It must be noted that the US counts Hezbullah as a terrorist organization.
At that same event he hosted a visit of Rabbi Dovid Weiss, the Rabbi that participated in the anti-Jewish Holocaust denial conference sponsored by one of America's chief enemies, Iran's president Mahmoud Ahmadinejad.
He also was a leader of several 2004 anti-American rallies in support of Iraqi insurgents as well as past rallies in support of Hamas and Yassir Arafat. al-Husainy has also voiced direct and open support of Iraq militant Moqtada al-Sadr, and Iranian anti-American cleric Khomeini.
In a 2004 interview he was pleased to note that American soldiers in Iraq were "running away or committing suicide or getting psychological treatment." And he went on to attack Jews in a wild-eyed conspiracy rant.
Saddam . . . he handed Iraq to the coalition. I believe he is an agent of America. . . . Saddam created a bunch of gangs who have no faith . . . . We also think some outsiders, with some Iraqis, and, by the way, I don't want to exclude the Zionists.

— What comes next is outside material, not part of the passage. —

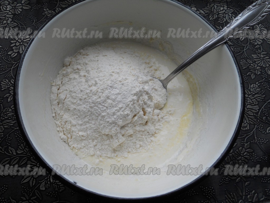 В эту смесь просеять большую часть муки.

I think some extremists from the Mossad came in and took a chance to have some revenge, because we don't know who killed [Imam Mohammed Bakr] Al-Hakim or Sergio Vieira De Mello, the UN High Commissioner for Human Rights.
This is no man of God, but a radical cleric who vocally supports America's enemies and regularly attacks America and Jews.
And this is the man that the Democrats have asked to lead a "prayer" at their meeting?
It just goes to show once again that Democrats are weak on defense, anti-Jewish and woefully accepting of radical attacks on their own country. Democrats prove that they would willingly and in the name of "multiculturalism" lead the entire country right into the hands of those who would destroy us.